BHV, 2025
film 10’00’’, (archival footage and AI)
film 10’00’’, (archival footage and AI)
“Fiction is not a means of expression. Images should be grounded in existing material.”
-Vows of Presence, 2025
-Vows of Presence, 2025
“BHV” is a 10 minute video work based on the reconstruction of everyday spaces from the late 1990s and early 2000s. At its center is the memory of Beverly Hills Video, a rental store that returns as a point of reference for both personal memory and a broader cultural ritual.
The film follows the principles of the manifesto Vows of Presence, inspired by Dogma 95, moving away from conventional narrative in favor of immediacy and the physical presence of the camera. Artificial intelligence tools are used not as a visual effect, but as a medium for emotional reconstruction and the materialization of memory.

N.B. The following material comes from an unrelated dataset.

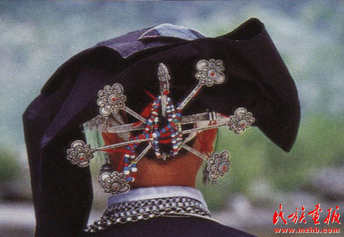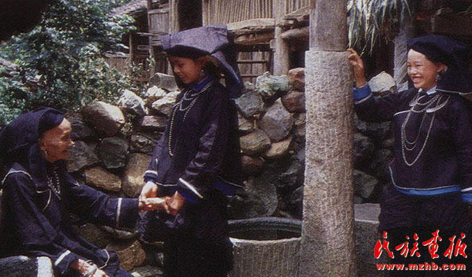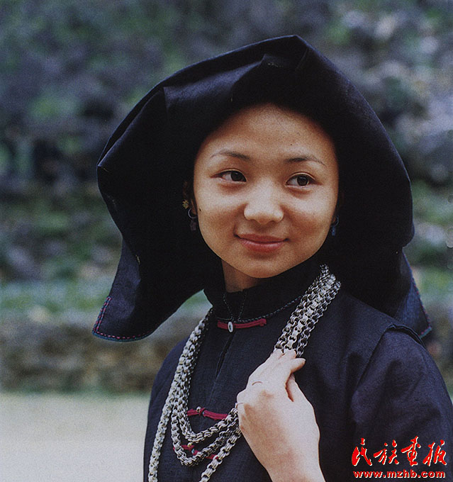 婦女的服飾更具特點,無論老少,都喜歡穿右蓋大襟和葫蘆狀矮腳圓領的緊身短式上衣,下身以寬褲腳、大褲頭的褲子相搭配,腰系黑布做成的大圍裙,頭帶黑布大頭巾。其圍裙既寬且長,戴時能系周身有余,裙底垂掛到小腿下部,圍裙不僅作為裝飾,而且可以作為勞動工具,遇趕圩或走親訪友和勞動時,可將圍裙底翻卷上來作成小包袱,用以包裝和盛裝物品。婦女頭巾都是一塊自己紡織染成的長條黑布,戴時先圍繞在頭上,然后翻折擺布成火棱形的圖樣,罩在整個頭上,再把頭巾的兩端分別垂掛到雙肩上,看上去樸素美觀。同時還可以當做帽子遮蔭用。她們的衣邊、衣角、袖口、裙邊和頭巾的四邊都用紅布或黃布剪成小條以后鑲捆上去,有的則用紅、黃、藍色絲線繡成波浪形的線條,使黑中襯出紅、黃、藍色的線條來,清雅明亮,色彩協調。再加上頭發插著龍頭形的銀簪,頸項上帶有銀鏈或項圈,手帶銀圈、玉鐲,耳掛珍珠耳環等,使人一看,黑中閃艷,樸素之中亦有玲瓏之美,表現了她們獨特的審美觀。

The work unfolds as an attempt to capture the moment between experience and its recording. I am interested in a condition in which memory is not a stable archive, but a process of continuous transformation and reconstruction. The images do not recreate the past in a linear way, but build it through fragments, repetitions, and shifts.
A key element is the relationship between the image and the body. The camera does not function as an observational tool, but as a device of presence, moving close to the surface of things, at the level of gesture and detail. In this way, the film restores the physical dimension of experience that was once central to video rental culture.
The video also operates as a reflection on changing modes of image consumption. The transition from physical media to digital distribution has led to the disappearance of rituals associated with watching. “BHV” does not attempt to reconstruct them directly, but to reactivate them through the structure of the film.
The project is part of a broader interest in the relationship between technology and memory. The use of artificial intelligence makes it possible to generate images that do not exist as documents, but as simulations of experience. In this sense, the film exists on the threshold between reconstruction and fiction, leaving the viewer uncertain about the status of the image.